* _What you will do_:
Nothing but the pictures should be left out when you copy the records exactly.

Records drawn from a dataset
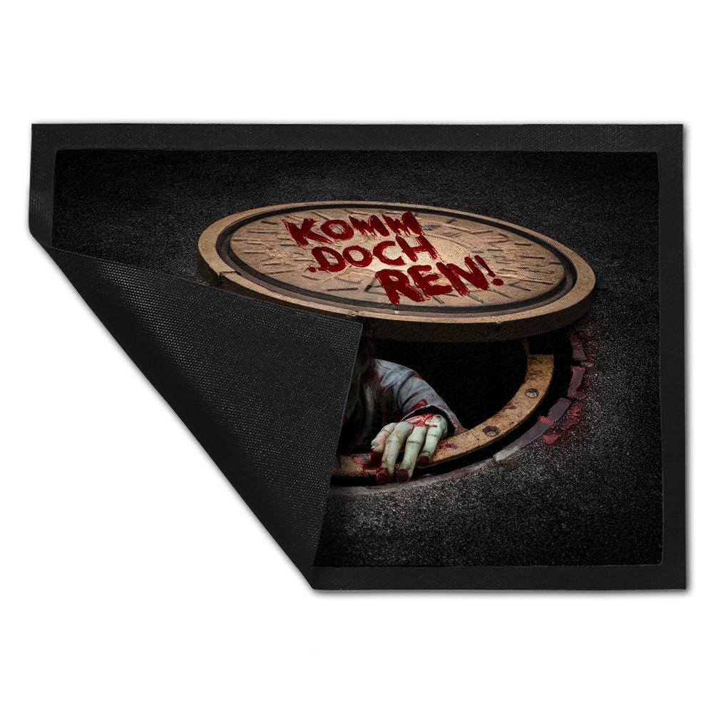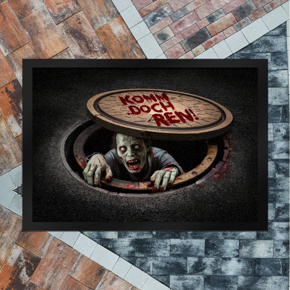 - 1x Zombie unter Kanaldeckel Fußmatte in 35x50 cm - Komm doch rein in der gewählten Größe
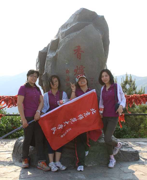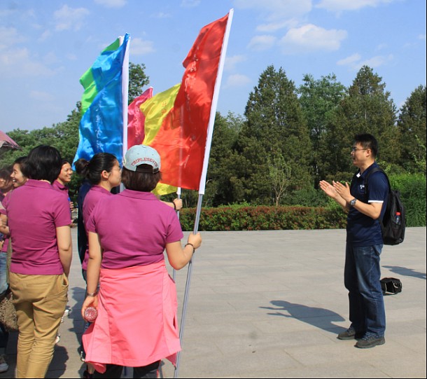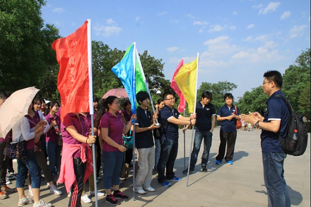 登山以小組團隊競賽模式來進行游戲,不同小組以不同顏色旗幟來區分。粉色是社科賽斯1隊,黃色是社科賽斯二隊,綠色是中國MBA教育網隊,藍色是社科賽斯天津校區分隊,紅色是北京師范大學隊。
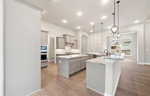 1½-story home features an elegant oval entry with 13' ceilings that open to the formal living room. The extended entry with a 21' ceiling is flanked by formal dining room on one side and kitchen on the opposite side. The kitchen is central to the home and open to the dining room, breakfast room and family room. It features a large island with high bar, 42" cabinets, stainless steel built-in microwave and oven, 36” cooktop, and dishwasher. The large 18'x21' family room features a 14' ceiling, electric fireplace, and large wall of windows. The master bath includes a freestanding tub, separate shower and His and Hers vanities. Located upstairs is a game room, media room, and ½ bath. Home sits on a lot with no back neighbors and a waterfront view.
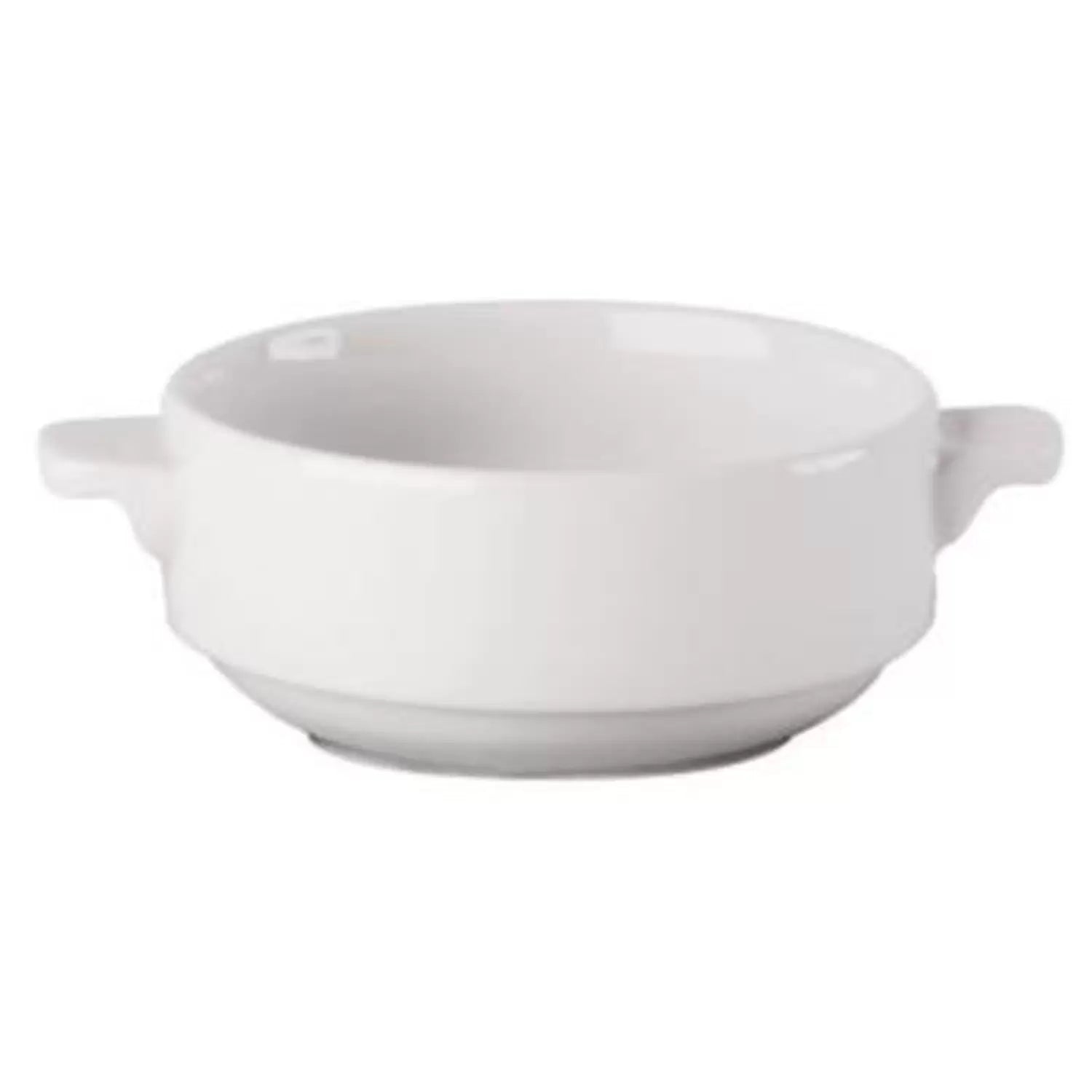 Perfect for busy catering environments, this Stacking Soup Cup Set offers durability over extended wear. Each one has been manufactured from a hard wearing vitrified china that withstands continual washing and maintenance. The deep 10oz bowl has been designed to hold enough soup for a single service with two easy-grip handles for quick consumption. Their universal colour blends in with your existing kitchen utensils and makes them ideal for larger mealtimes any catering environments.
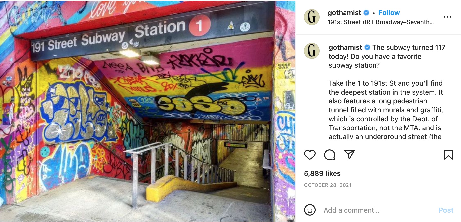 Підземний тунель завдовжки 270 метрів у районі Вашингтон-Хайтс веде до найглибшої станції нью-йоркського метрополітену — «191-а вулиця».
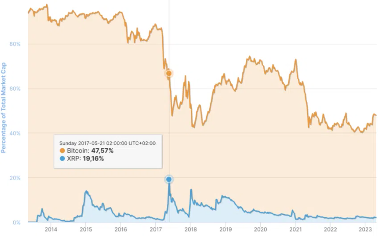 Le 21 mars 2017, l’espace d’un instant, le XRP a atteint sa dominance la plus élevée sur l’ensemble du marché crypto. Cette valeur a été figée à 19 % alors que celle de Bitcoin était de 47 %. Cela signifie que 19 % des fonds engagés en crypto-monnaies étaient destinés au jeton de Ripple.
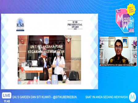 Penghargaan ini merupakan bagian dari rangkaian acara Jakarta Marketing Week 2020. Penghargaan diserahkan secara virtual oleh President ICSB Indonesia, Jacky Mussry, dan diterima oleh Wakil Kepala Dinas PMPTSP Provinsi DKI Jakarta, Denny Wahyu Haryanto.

* _Solution below_:
 - 1x Zombie unter Kanaldeckel Fußmatte in 35x50 cm - Komm doch rein in der gewählten Größe
 登山以小組團隊競賽模式來進行游戲,不同小組以不同顏色旗幟來區分。粉色是社科賽斯1隊,黃色是社科賽斯二隊,綠色是中國MBA教育網隊,藍色是社科賽斯天津校區分隊,紅色是北京師范大學隊。
 1½-story home features an elegant oval entry with 13' ceilings that open to the formal living room. The extended entry with a 21' ceiling is flanked by formal dining room on one side and kitchen on the opposite side. The kitchen is central to the home and open to the dining room, breakfast room and family room. It features a large island with high bar, 42" cabinets, stainless steel built-in microwave and oven, 36” cooktop, and dishwasher. The large 18'x21' family room features a 14' ceiling, electric fireplace, and large wall of windows. The master bath includes a freestanding tub, separate shower and His and Hers vanities. Located upstairs is a game room, media room, and ½ bath. Home sits on a lot with no back neighbors and a waterfront view.
 Perfect for busy catering environments, this Stacking Soup Cup Set offers durability over extended wear. Each one has been manufactured from a hard wearing vitrified china that withstands continual washing and maintenance. The deep 10oz bowl has been designed to hold enough soup for a single service with two easy-grip handles for quick consumption. Their universal colour blends in with your existing kitchen utensils and makes them ideal for larger mealtimes any catering environments.
 Підземний тунель завдовжки 270 метрів у районі Вашингтон-Хайтс веде до найглибшої станції нью-йоркського метрополітену — «191-а вулиця».
 Le 21 mars 2017, l’espace d’un instant, le XRP a atteint sa dominance la plus élevée sur l’ensemble du marché crypto. Cette valeur a été figée à 19 % alors que celle de Bitcoin était de 47 %. Cela signifie que 19 % des fonds engagés en crypto-monnaies étaient destinés au jeton de Ripple.
 Penghargaan ini merupakan bagian dari rangkaian acara Jakarta Marketing Week 2020. Penghargaan diserahkan secara virtual oleh President ICSB Indonesia, Jacky Mussry, dan diterima oleh Wakil Kepala Dinas PMPTSP Provinsi DKI Jakarta, Denny Wahyu Haryanto.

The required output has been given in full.